The muse: job search and career development
The New York-based company start said it received $8 million in new investments led by MBM Capital.
The company says its platform is already used by 75 million people every year, with a high concentration among Gen Z and millennial job seekers. It’s also used by 10% of Fortune 500 companies seeking to attract and hire the best talent. The company claims that candidates applying through its platform are three times more likely to be hired than candidates applying through other platforms.
With additional resources, the company said it plans to seek out and acquire other quality brands that appeal to high-demand job seekers.
Afresh: AI for healthy and profitable products
Based in San Francisco Again develops AI-based software that tracks demand and manages fresh produce orders in grocery stores. The company secured $115 million in a round led by Spark Capital, bringing total funding to $148 million.
The company seeks to have a social impact by eliminating the waste of fresh food; he cites studies indicating that 40% of all food in the United States is thrown away.
According to Afresh, customers (including Albertsons and SaveMart) are reducing food waste by 25% and seeing a 2-4% increase in revenue and a 40% increase in operating margin for their products.
“Food, more than anything else, shapes the health of people and our planet.

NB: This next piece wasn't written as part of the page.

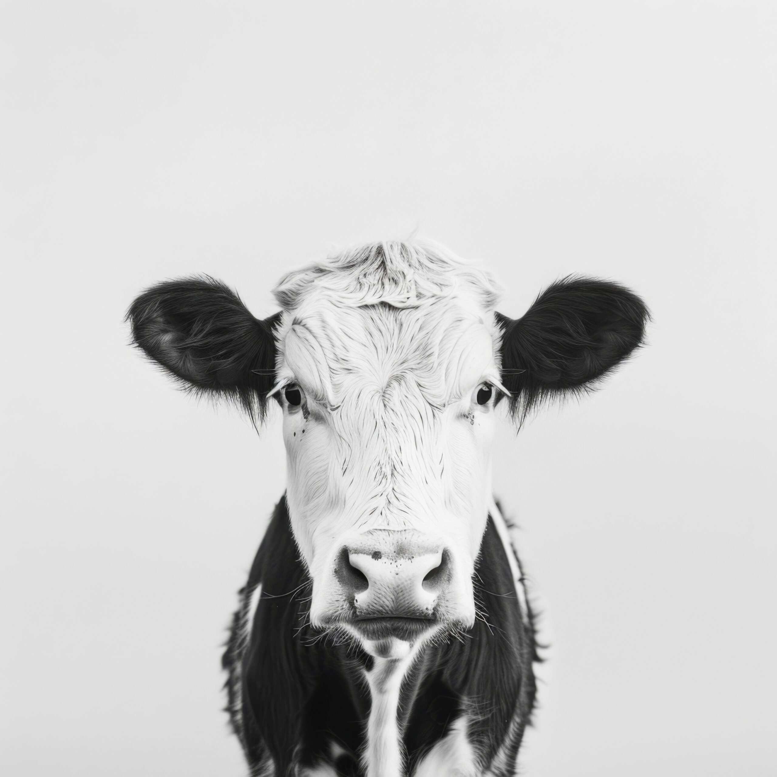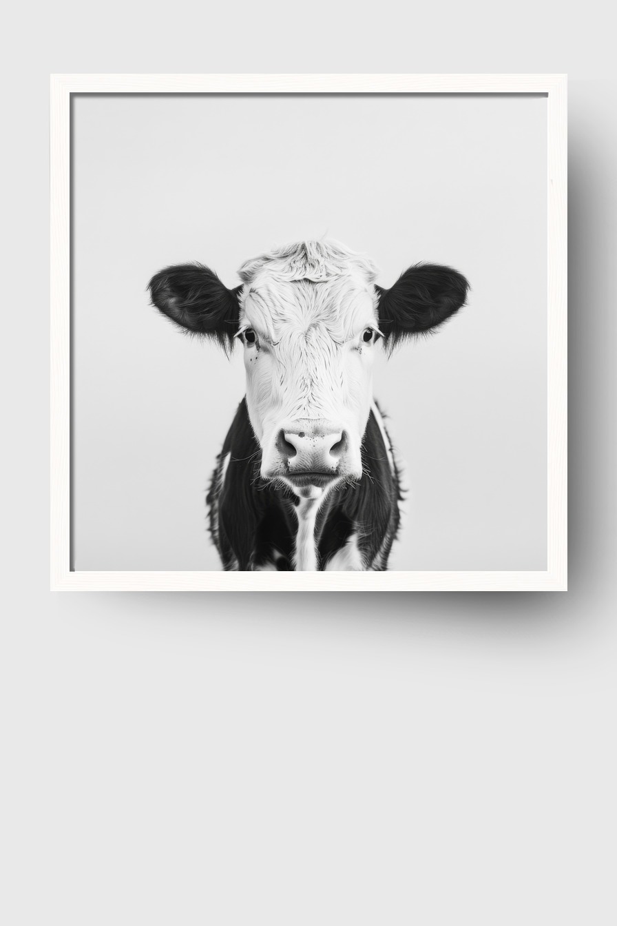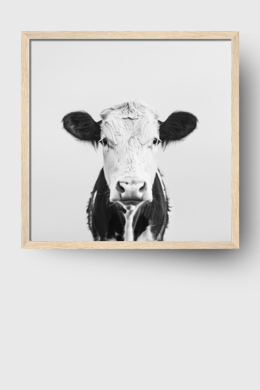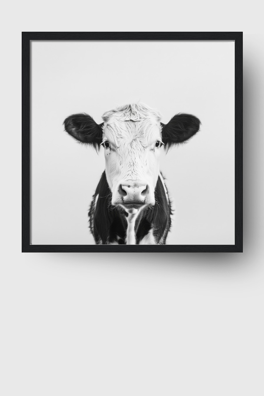 Im Raum erzeugt die klare, kontrastreiche Darstellung eine eindringliche Atmosphäre, die durch die reduzierte Farbpalette den Fokus ganz auf das Gesicht der Kuh lenkt.

We founded Afresh with the goal of eliminating food waste and making nutritious food more accessible,” said CEO and co-founder Matthew Schwartz, noting that the company aims to serve thousands more stores across the United States and in Europe, and expand to support new fresh produce categories. like meat and bakery.
Pie Insurance: disruptive for small businesses
A Denver-based small business workers’ compensation technology provider Pie insurance raised a $315 million investment round led by Centerbridge Partners and Allianz X. This round brings total capital raised to over $615 million. The company says it is disrupting a fragmented market by more accurately pricing and underwriting insurance risk.
The company intends to invest more in innovating its proprietary pricing algorithms, as well as delivering experiences directly to small businesses and the agent partners who serve them.
OpenStore: buy Shopify merchants
Open Store, a year-long venture that acquires Shopify businesses to enable entrepreneurs to make quick exits, closed at $32 million in a funding round led by Lux Capital that values OpenStore at $970 million. Total equity financing now exceeds $150 million
Over the past 18 months, OpenStore has acquired dozens of companies generating tens of millions in revenue. It represents a pathway to liquidity for traders.